Sugar with everything
Feb. 16th, 2007 11:47 amSugar Rush is a fascinating, terrifying and important Guardian Special Report about sugar in food. Sugar is so addictive it should be classified, says the British Medical Journal, as a hard drug. The immediate pleasure it gives us soon leads to much less pleasant things -- tooth decay, obesity, diabetes, cancer, depression and anxiety. More and more of the food we eat -- even fresh fruit and vegetables and savoury stuff -- is, basically, turning into sugar. Whether we choose to eat the stuff or not, it's everywhere, bred into crops and brewed into beer and sprinkled into cooking and stuffed into every plastic-wrapped package lying in wait for you at the late-night grocery. There's more of it in more products than there was even in the early 1990s. It's there for commercial reasons. We like it, we buy it.
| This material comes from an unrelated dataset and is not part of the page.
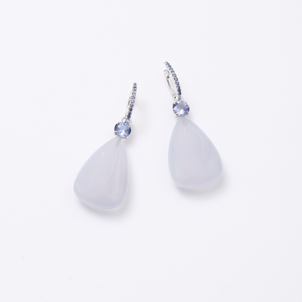 Creolen gerade in 750/-Weißgold mit 22 blauen Saphiren und Einhänger mit 2 Chalcedonen und 2 Tansaniten gefasst in 750/-Weißgold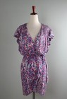 Madewell purple pansy floral 100% silk pleated dress size 10 office party

Read the article yourself -- I did, while sucking on a marzipan potato. What I want to single out and pick up on today is just one quote that pops up half way through, a quote I found very interesting, very symptomatic. A "sugar apologist" is speaking, an executive who worked for Cadbury Schweppes for 23 years before becoming a market researcher. Colin Gutteridge is explaining the "taste evolution" towards today's sugar-with-everything world.
"I remember being presented with yoghurt for the first time when I was nine," Gutteridge says. "It was acidic and I thought it was repulsive. If there is a trend over the past 100 years it is taking products that are marginal in taste and making them more acceptable to a wider range of people by adding in sweetness. Does any of this matter? Personally, I don't think so. Without it I would never have enjoyed yoghurt."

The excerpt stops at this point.